+++ Data listing +++

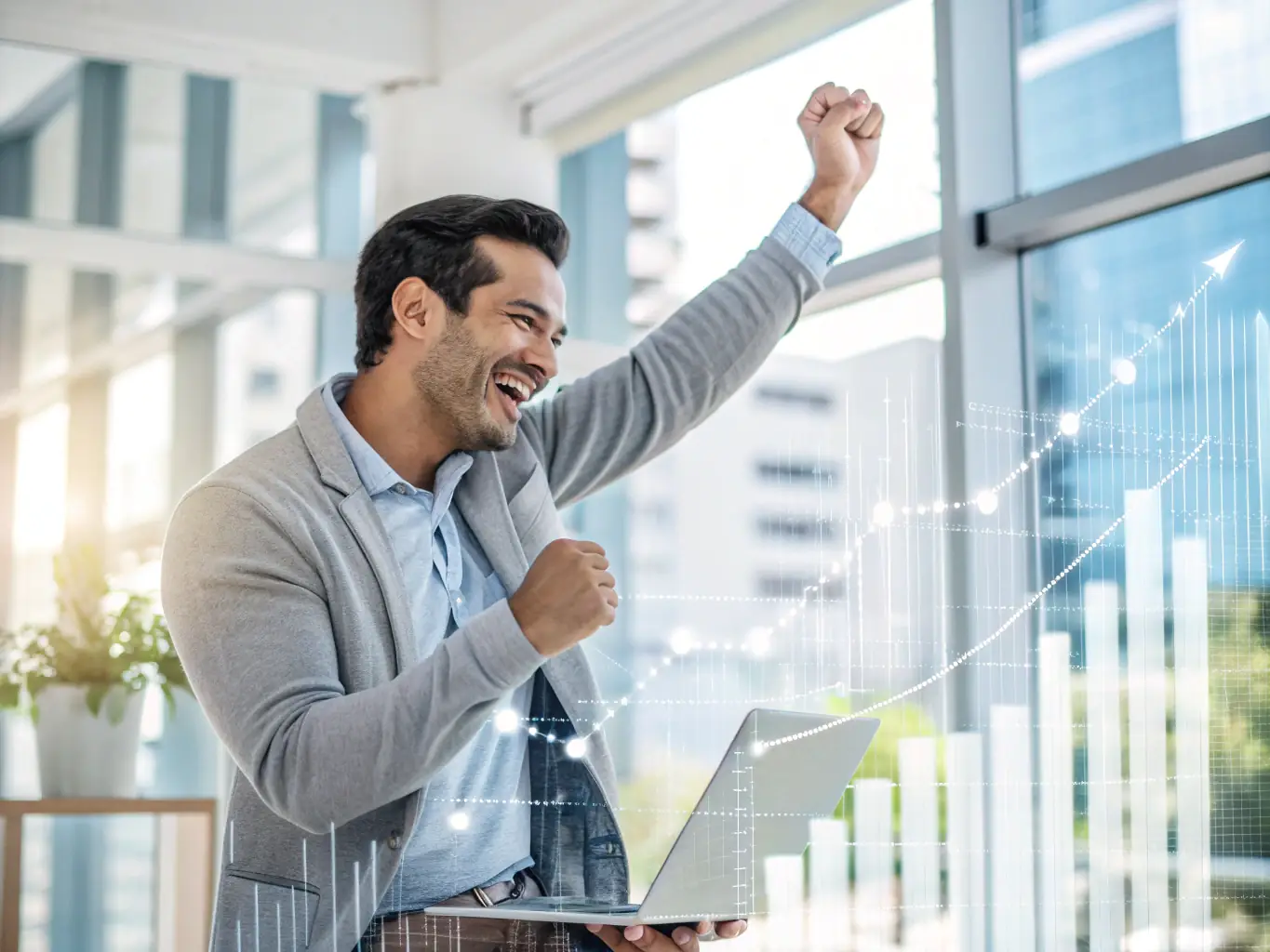 - A smiling entrepreneur in front of their small business, with financial charts overlayed.
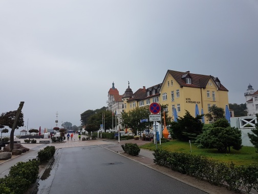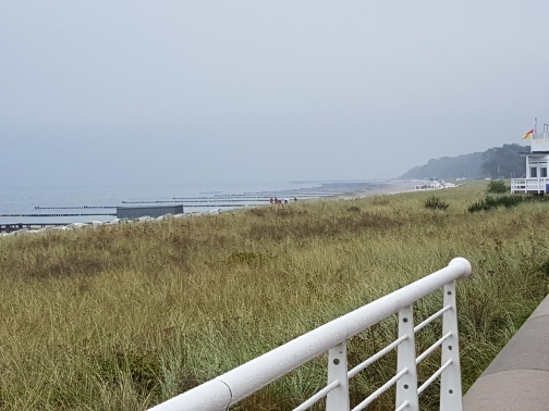 Es regnet nicht mehr, aber es ist trübe und kühl. Das Radfahren erwärmt etwas, die Orte an der Strecke weniger. Was aber wie in Heiligendamm nicht unbedingt an den Automaten liegt, wo man mitten im Wald Kurtaxe und Parkgebühren bezahlen soll. So schön die Orte sind, bei diesem Wetter wirken sie nicht.
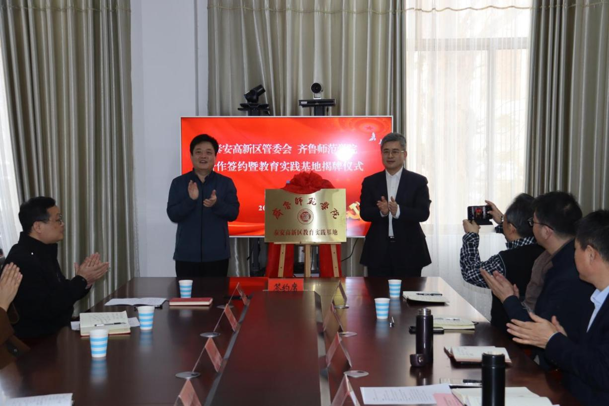 杜平、张兆明为“齐鲁师范学院泰安高新区教育实践基地”揭牌。
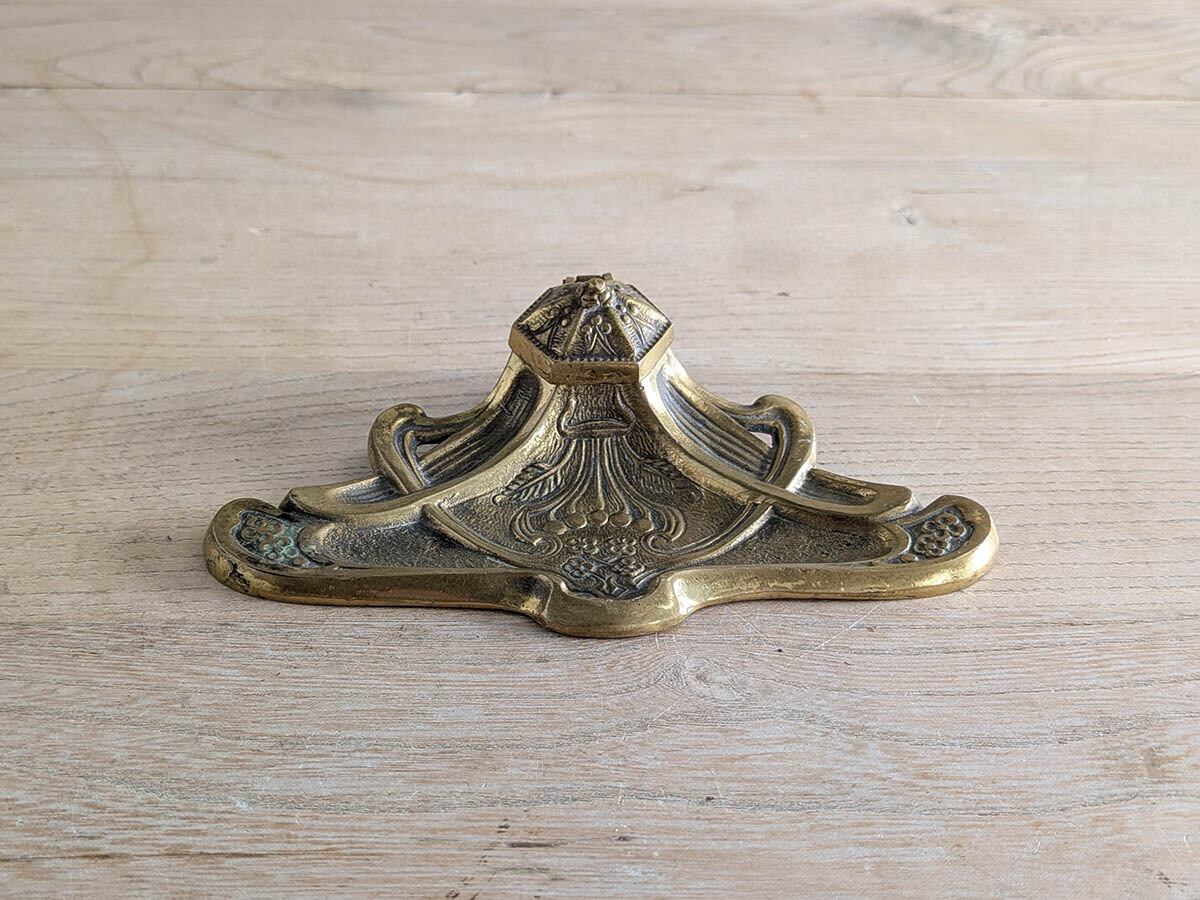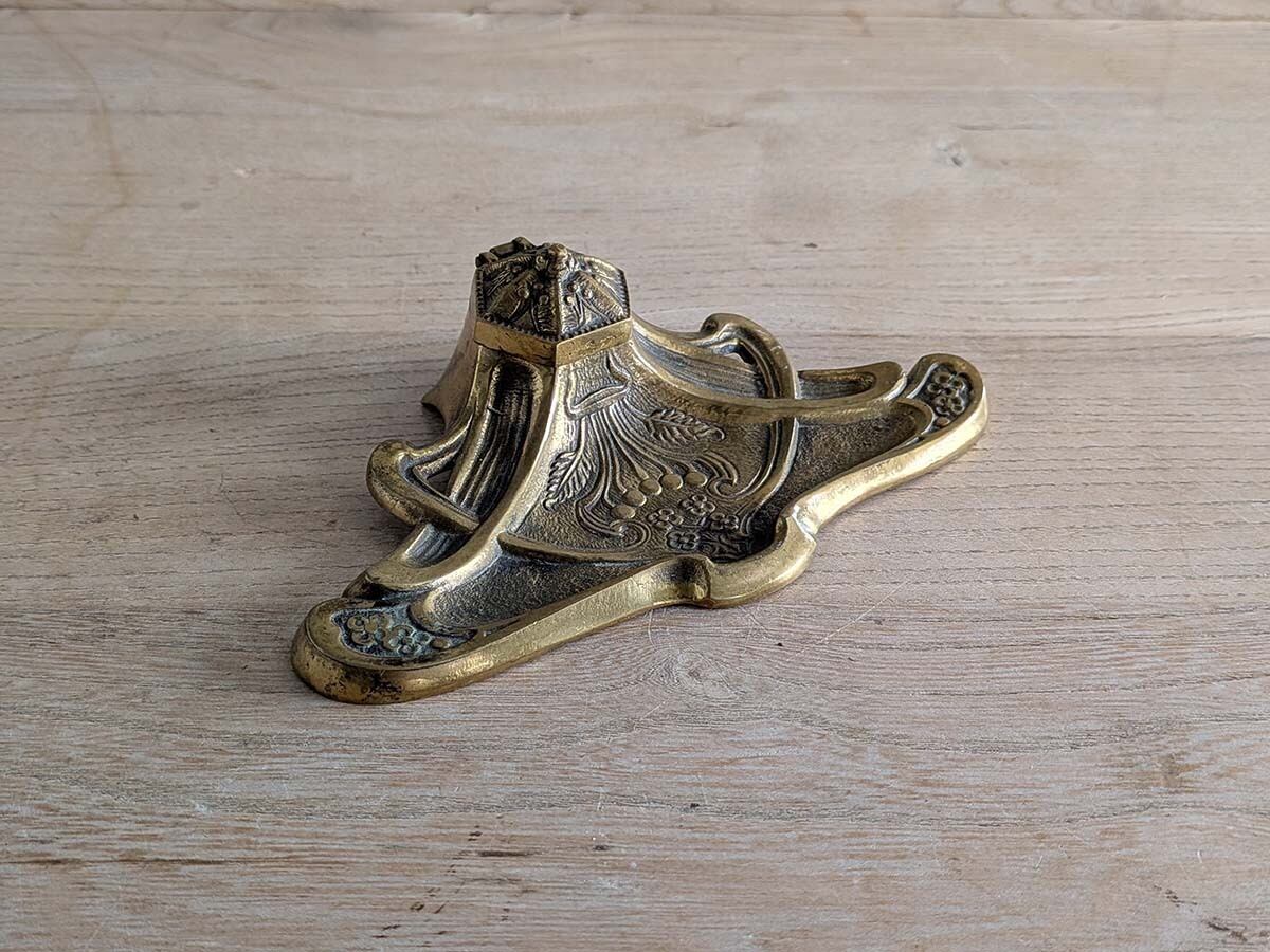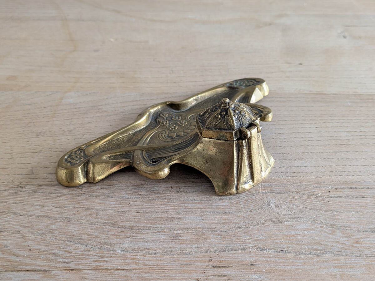 アンティークなデスクの上に置かれていたであろうアールヌーボーの美しいデザインのインクスタンドです。当時インクポットのインクを付けながら手紙や書類を書いていました。華やかな模様のペントレイがついた美しいインクスタンドです。時を経た真鍮の色が良い雰囲気です。
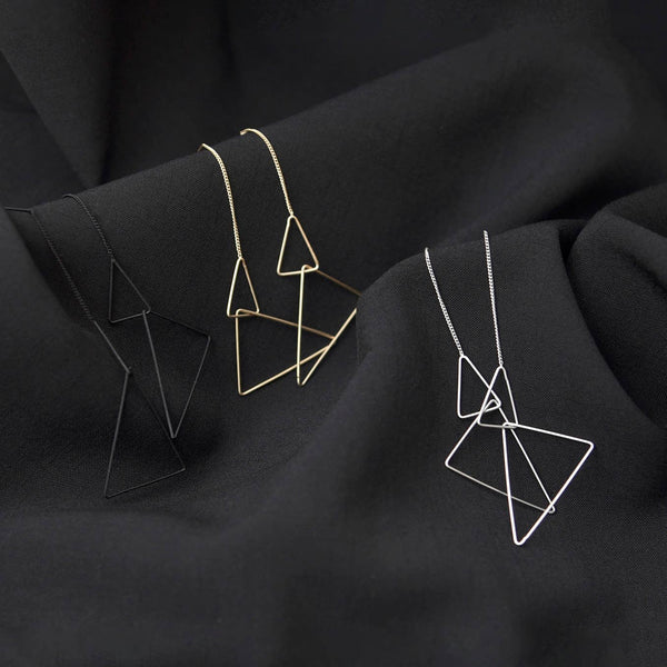These delicate ear drapes are formed of two interlocking triangles with dainty ear threaders. They swing back and forth gently and add the perfect amount of geometric fun to any outfit.

+++

§ **Your assignment**
Return all the records above exactly, pictures omitted.

§ **Exercise result**
 - A smiling entrepreneur in front of their small business, with financial charts overlayed.
 Es regnet nicht mehr, aber es ist trübe und kühl. Das Radfahren erwärmt etwas, die Orte an der Strecke weniger. Was aber wie in Heiligendamm nicht unbedingt an den Automaten liegt, wo man mitten im Wald Kurtaxe und Parkgebühren bezahlen soll. So schön die Orte sind, bei diesem Wetter wirken sie nicht.
 杜平、张兆明为“齐鲁师范学院泰安高新区教育实践基地”揭牌。
 アンティークなデスクの上に置かれていたであろうアールヌーボーの美しいデザインのインクスタンドです。当時インクポットのインクを付けながら手紙や書類を書いていました。華やかな模様のペントレイがついた美しいインクスタンドです。時を経た真鍮の色が良い雰囲気です。
These delicate ear drapes are formed of two interlocking triangles with dainty ear threaders. They swing back and forth gently and add the perfect amount of geometric fun to any outfit.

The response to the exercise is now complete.